Co-op intern, University of Ottawa

Project: Inventory of the repatriated fossils

Like Alexandra, Eleanor came from Mississauga. As a new co-op intern supported by the Mosaic Company, Eleanor will be working with the Palaeobiology section of the Museum of Nature in Winter 2022. She is a third-year undergraduate student at the University of Ottawa, and has previous co-op experiences with Canadian Wildlife Services (on their caribou conservation program).  She will look into Canadian fossil specimens that have been repatriated to the care of the Museum.

Gillian Watson

Undergraduate researcher, the University of Ottawa

Project: Coiling directions in snake embryos

Gillian is a 3rd year undergraduate student from the University of Ottawa.  She is busy contacting collections managers and curators across North America to document coiling in snake embryos in ovo, testing whether this asymmetry varies in frequencies and directions within populations, between species, and across lineages.

Visiting Scholar

Olga Wilk

Mitacs Globalink Scholar, the University of Warsaw

Project: Comparative analysis of sarcopterygian fishes from the Holy Cross Mountains

Funded by Mitacs Foundation, Olga is visiting the lab for Winter 2022.  She is based at the University of Warsaw, Poland, where she obtained BSc and MSc degrees and now works on her PhD.  Olga's professional interest has always revolved around early vertebrates, and has been building a career on the famous Devonian fish fauna from the Holy Cross Mountains.  At CMN, she hopes to examine sarcopterygian fishes from the Canadian Arctic and elsewhere.  Olga has also been collaborating with the Ahlberg lab at Uppsala University.  

Lab Associates 

(Tetsuto serves on their supervisory committees)

Dana Korneisel

PhD candidate, Carleton University

Thesis advisor: Dr. Hillary Maddin

William Matthias

MSc student, University of Ottawa

Thesis advisor: Dr. Emily Standen

Dexter Summers

PhD student, University of Ottawa

Thesis advisor: Dr. Emily Standen

Ryan Lambert

MSc student, University of Ottawa

Thesis advisor: Dr. Marc Ekker

Linfang Han

MSc student, University of Ottawa

Thesis advisor: Dr.
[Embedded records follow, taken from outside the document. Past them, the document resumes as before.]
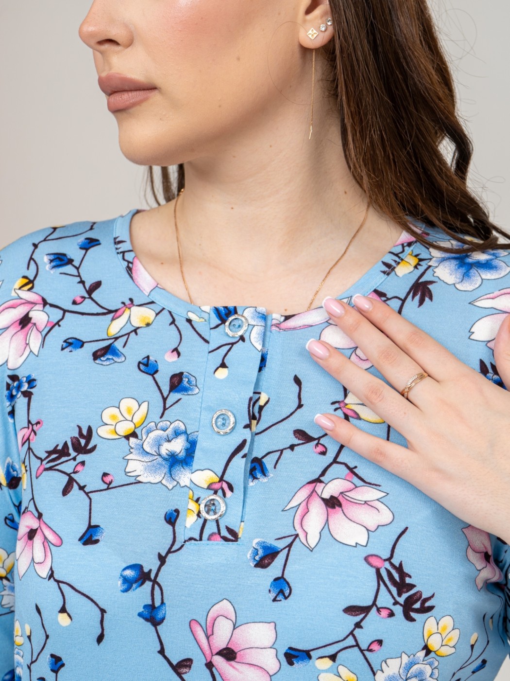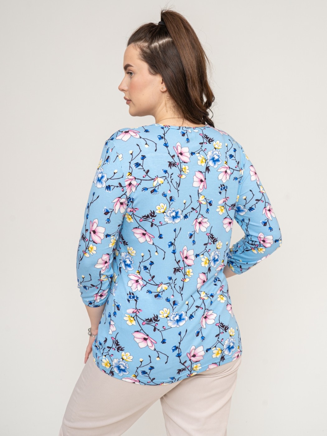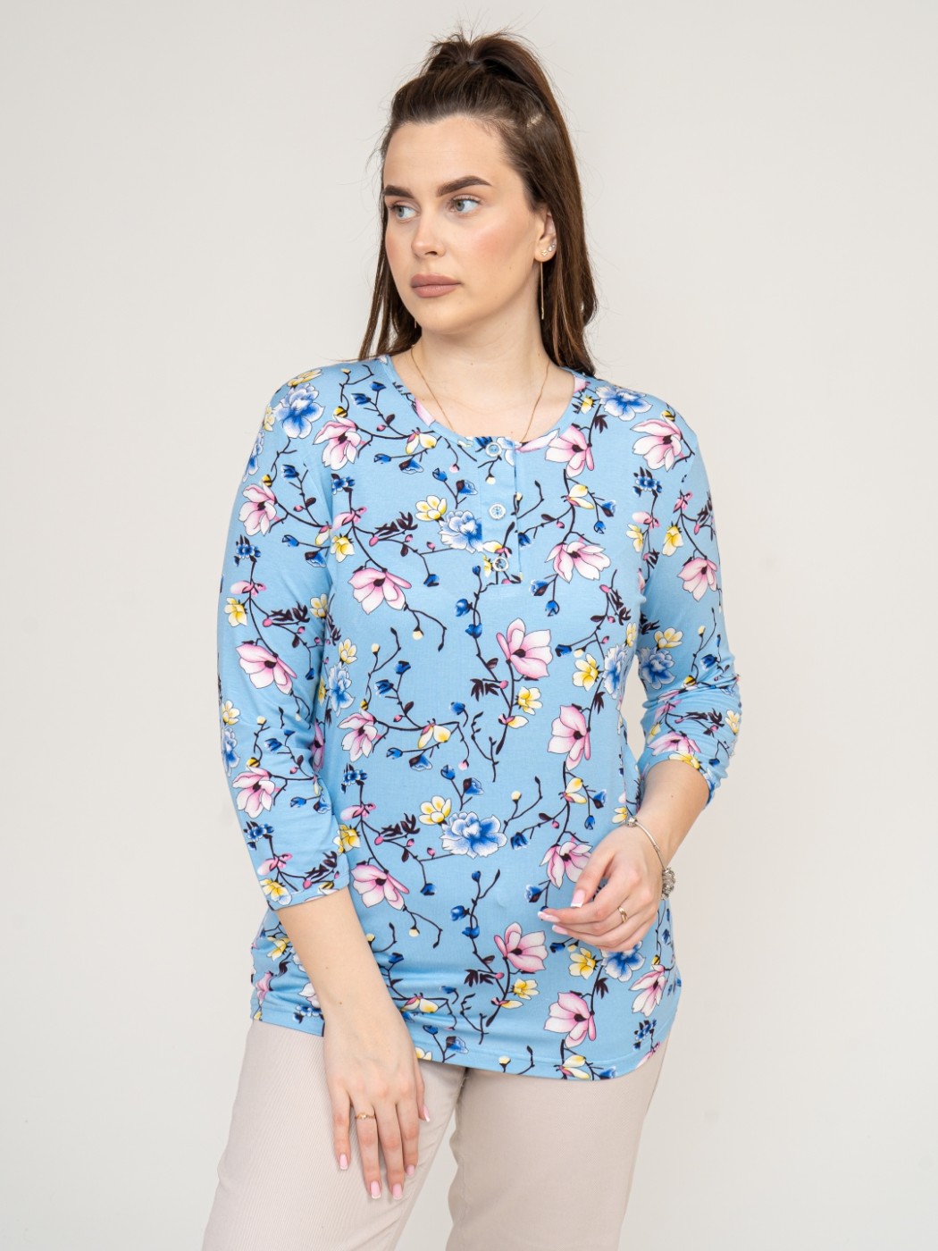 Джемпер Планка рукав 3/4 небесный/цветы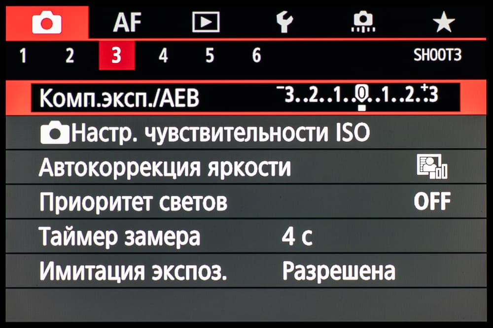 | Экспокоррекция | ±3 с шагом ⅓ или ½ | ±5 с шагом ⅓ или ½ | ±5 с шагом ⅓ | ±5 с шагом ⅓ или ½ |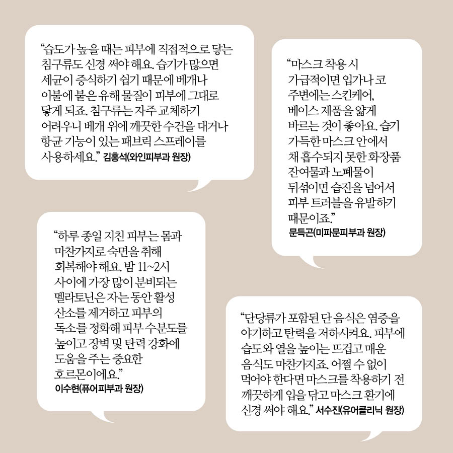사무실에서는 마스크를 벗고 제품을 바르기 어렵다. 간과할 수 있는 일상 속 습관을 꼼꼼히 따져 마스크 속 높아진 습도와 온도를 낮추자.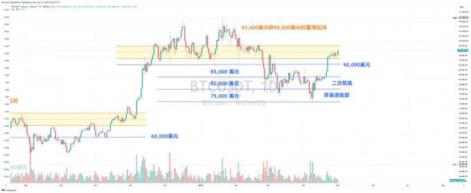 早晨还在说这个方面的事情,目前 $BTC 仍然在 93,000 美元到 98,000 美元之间的支撑区域内,几乎是三月和四月两个月的下跌都是因为 川普 的关税原因,现在在关税已经被预期威力降低后,消除了关税的影响,这也说明了 Bitcoin 的弹性要高于美股。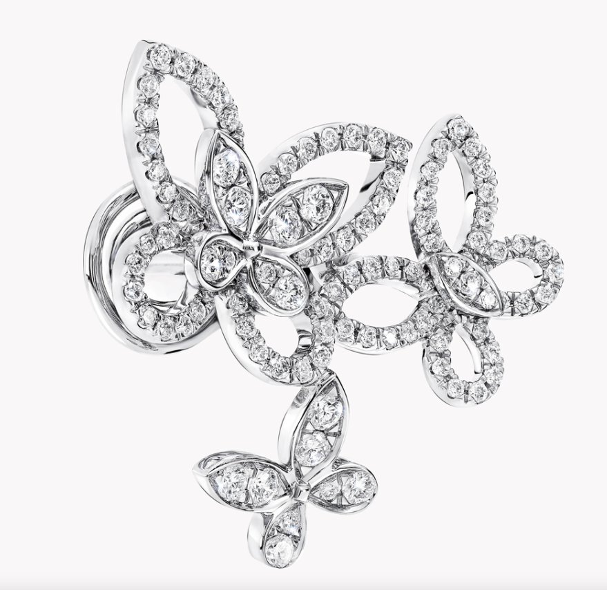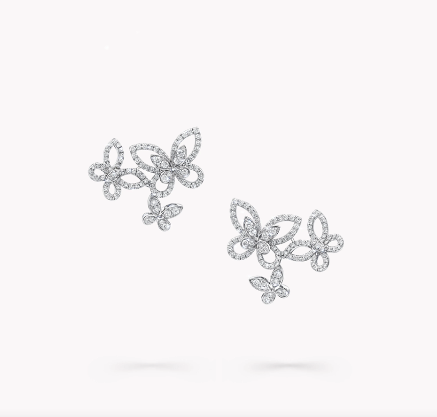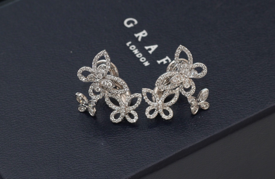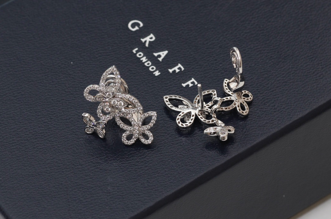 СЕРЬГИ *GRAFF* TRIPLE BUTTERFLY SILHOUETTE DIAMOND EARRINGS RGE1610/ТРИ БАБОЧКИ ИЗ БЕЛОГО ЗОЛОТА В БРИЛЛИАНТОВОМ ПАВЕ 0.85ct

Emily Standen

Olivia Vanhaesebroucke

PhD candidate, l'Université du Québec à Rimouski

Thesis advisor: Dr. Richard Cloutier

Lab Alumna

Emily Dyer

Carleton University

Project: Ordovician vertebrate remains from the Ottawa Valley

Emily is a 4th year undergraduate from the Department of Earth Sciences, Carleton University. Using SEM on hard-to-prepare samples, she searches for elusive Ordovician vertebrates that inhabited the ancient waters of National Capital Region – some of the earliest true fishes (the crown-group vertebrates) known from North America.